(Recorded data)
● ● ●
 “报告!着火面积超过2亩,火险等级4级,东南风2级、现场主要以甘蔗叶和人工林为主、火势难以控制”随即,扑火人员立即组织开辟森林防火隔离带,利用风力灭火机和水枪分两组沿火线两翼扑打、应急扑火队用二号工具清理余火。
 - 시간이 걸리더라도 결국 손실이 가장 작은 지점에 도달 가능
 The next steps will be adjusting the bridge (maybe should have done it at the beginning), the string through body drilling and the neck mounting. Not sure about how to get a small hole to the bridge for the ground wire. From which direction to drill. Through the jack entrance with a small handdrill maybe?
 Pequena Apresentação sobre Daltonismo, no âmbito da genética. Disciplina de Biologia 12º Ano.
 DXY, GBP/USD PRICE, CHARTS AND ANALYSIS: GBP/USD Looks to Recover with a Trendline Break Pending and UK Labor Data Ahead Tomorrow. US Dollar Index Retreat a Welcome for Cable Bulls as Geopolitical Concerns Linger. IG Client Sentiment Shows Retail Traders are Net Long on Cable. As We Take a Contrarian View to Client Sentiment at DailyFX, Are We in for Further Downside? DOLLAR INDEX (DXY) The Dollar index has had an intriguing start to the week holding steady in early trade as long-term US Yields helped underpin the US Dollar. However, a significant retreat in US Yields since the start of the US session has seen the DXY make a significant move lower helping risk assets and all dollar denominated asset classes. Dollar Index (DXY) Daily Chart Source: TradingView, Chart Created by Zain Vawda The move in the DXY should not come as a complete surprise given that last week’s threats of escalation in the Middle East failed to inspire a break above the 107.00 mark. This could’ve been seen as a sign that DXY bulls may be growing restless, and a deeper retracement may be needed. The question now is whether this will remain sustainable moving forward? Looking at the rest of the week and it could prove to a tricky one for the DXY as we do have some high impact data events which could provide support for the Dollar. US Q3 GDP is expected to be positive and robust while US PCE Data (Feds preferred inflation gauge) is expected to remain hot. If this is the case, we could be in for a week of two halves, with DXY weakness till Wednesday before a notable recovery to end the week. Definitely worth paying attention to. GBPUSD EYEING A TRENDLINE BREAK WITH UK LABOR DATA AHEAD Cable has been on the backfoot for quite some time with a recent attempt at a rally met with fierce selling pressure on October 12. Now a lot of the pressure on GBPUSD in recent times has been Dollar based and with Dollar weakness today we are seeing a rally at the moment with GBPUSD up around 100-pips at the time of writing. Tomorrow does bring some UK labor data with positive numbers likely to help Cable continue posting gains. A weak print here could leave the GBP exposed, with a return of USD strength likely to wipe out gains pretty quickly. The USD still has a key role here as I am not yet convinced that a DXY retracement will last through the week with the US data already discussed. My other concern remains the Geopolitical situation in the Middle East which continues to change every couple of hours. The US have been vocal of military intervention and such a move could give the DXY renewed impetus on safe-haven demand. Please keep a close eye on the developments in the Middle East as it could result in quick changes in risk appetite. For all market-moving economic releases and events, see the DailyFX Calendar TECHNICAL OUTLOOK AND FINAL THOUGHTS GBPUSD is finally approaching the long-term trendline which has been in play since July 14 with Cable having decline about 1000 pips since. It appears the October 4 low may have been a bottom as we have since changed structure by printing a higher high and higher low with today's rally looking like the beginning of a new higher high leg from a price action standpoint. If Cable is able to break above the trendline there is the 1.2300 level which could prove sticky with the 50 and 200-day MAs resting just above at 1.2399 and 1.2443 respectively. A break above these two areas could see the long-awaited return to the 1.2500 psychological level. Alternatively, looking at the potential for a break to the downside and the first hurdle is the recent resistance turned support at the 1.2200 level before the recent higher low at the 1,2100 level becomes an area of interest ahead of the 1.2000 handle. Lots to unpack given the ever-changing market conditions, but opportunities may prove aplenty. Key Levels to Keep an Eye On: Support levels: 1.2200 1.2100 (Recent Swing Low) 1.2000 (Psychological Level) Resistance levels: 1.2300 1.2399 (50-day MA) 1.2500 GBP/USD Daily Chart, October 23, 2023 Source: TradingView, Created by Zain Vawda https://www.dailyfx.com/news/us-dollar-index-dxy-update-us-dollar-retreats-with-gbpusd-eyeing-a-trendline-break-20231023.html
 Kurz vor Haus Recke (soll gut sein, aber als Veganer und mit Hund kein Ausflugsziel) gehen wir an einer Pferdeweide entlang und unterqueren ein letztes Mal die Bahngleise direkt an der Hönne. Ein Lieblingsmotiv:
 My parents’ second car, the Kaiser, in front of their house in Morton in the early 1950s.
● ● ●
### Exercise prompt
Each line of the data must be set down again as it is.

### Reply to the task
 “报告!着火面积超过2亩,火险等级4级,东南风2级、现场主要以甘蔗叶和人工林为主、火势难以控制”随即,扑火人员立即组织开辟森林防火隔离带,利用风力灭火机和水枪分两组沿火线两翼扑打、应急扑火队用二号工具清理余火。
 - 시간이 걸리더라도 결국 손실이 가장 작은 지점에 도달 가능
 The next steps will be adjusting the bridge (maybe should have done it at the beginning), the string through body drilling and the neck mounting. Not sure about how to get a small hole to the bridge for the ground wire. From which direction to drill. Through the jack entrance with a small handdrill maybe?
 Pequena Apresentação sobre Daltonismo, no âmbito da genética. Disciplina de Biologia 12º Ano.
 DXY, GBP/USD PRICE, CHARTS AND ANALYSIS: GBP/USD Looks to Recover with a Trendline Break Pending and UK Labor Data Ahead Tomorrow. US Dollar Index Retreat a Welcome for Cable Bulls as Geopolitical Concerns Linger. IG Client Sentiment Shows Retail Traders are Net Long on Cable. As We Take a Contrarian View to Client Sentiment at DailyFX, Are We in for Further Downside? DOLLAR INDEX (DXY) The Dollar index has had an intriguing start to the week holding steady in early trade as long-term US Yields helped underpin the US Dollar. However, a significant retreat in US Yields since the start of the US session has seen the DXY make a significant move lower helping risk assets and all dollar denominated asset classes. Dollar Index (DXY) Daily Chart Source: TradingView, Chart Created by Zain Vawda The move in the DXY should not come as a complete surprise given that last week’s threats of escalation in the Middle East failed to inspire a break above the 107.00 mark. This could’ve been seen as a sign that DXY bulls may be growing restless, and a deeper retracement may be needed. The question now is whether this will remain sustainable moving forward? Looking at the rest of the week and it could prove to a tricky one for the DXY as we do have some high impact data events which could provide support for the Dollar. US Q3 GDP is expected to be positive and robust while US PCE Data (Feds preferred inflation gauge) is expected to remain hot. If this is the case, we could be in for a week of two halves, with DXY weakness till Wednesday before a notable recovery to end the week. Definitely worth paying attention to. GBPUSD EYEING A TRENDLINE BREAK WITH UK LABOR DATA AHEAD Cable has been on the backfoot for quite some time with a recent attempt at a rally met with fierce selling pressure on October 12. Now a lot of the pressure on GBPUSD in recent times has been Dollar based and with Dollar weakness today we are seeing a rally at the moment with GBPUSD up around 100-pips at the time of writing. Tomorrow does bring some UK labor data with positive numbers likely to help Cable continue posting gains. A weak print here could leave the GBP exposed, with a return of USD strength likely to wipe out gains pretty quickly. The USD still has a key role here as I am not yet convinced that a DXY retracement will last through the week with the US data already discussed. My other concern remains the Geopolitical situation in the Middle East which continues to change every couple of hours. The US have been vocal of military intervention and such a move could give the DXY renewed impetus on safe-haven demand. Please keep a close eye on the developments in the Middle East as it could result in quick changes in risk appetite. For all market-moving economic releases and events, see the DailyFX Calendar TECHNICAL OUTLOOK AND FINAL THOUGHTS GBPUSD is finally approaching the long-term trendline which has been in play since July 14 with Cable having decline about 1000 pips since. It appears the October 4 low may have been a bottom as we have since changed structure by printing a higher high and higher low with today's rally looking like the beginning of a new higher high leg from a price action standpoint. If Cable is able to break above the trendline there is the 1.2300 level which could prove sticky with the 50 and 200-day MAs resting just above at 1.2399 and 1.2443 respectively. A break above these two areas could see the long-awaited return to the 1.2500 psychological level. Alternatively, looking at the potential for a break to the downside and the first hurdle is the recent resistance turned support at the 1.2200 level before the recent higher low at the 1,2100 level becomes an area of interest ahead of the 1.2000 handle. Lots to unpack given the ever-changing market conditions, but opportunities may prove aplenty. Key Levels to Keep an Eye On: Support levels: 1.2200 1.2100 (Recent Swing Low) 1.2000 (Psychological Level) Resistance levels: 1.2300 1.2399 (50-day MA) 1.2500 GBP/USD Daily Chart, October 23, 2023 Source: TradingView, Created by Zain Vawda https://www.dailyfx.com/news/us-dollar-index-dxy-update-us-dollar-retreats-with-gbpusd-eyeing-a-trendline-break-20231023.html
 Kurz vor Haus Recke (soll gut sein, aber als Veganer und mit Hund kein Ausflugsziel) gehen wir an einer Pferdeweide entlang und unterqueren ein letztes Mal die Bahngleise direkt an der Hönne. Ein Lieblingsmotiv:
 My parents’ second car, the Kaiser, in front of their house in Morton in the early 1950s.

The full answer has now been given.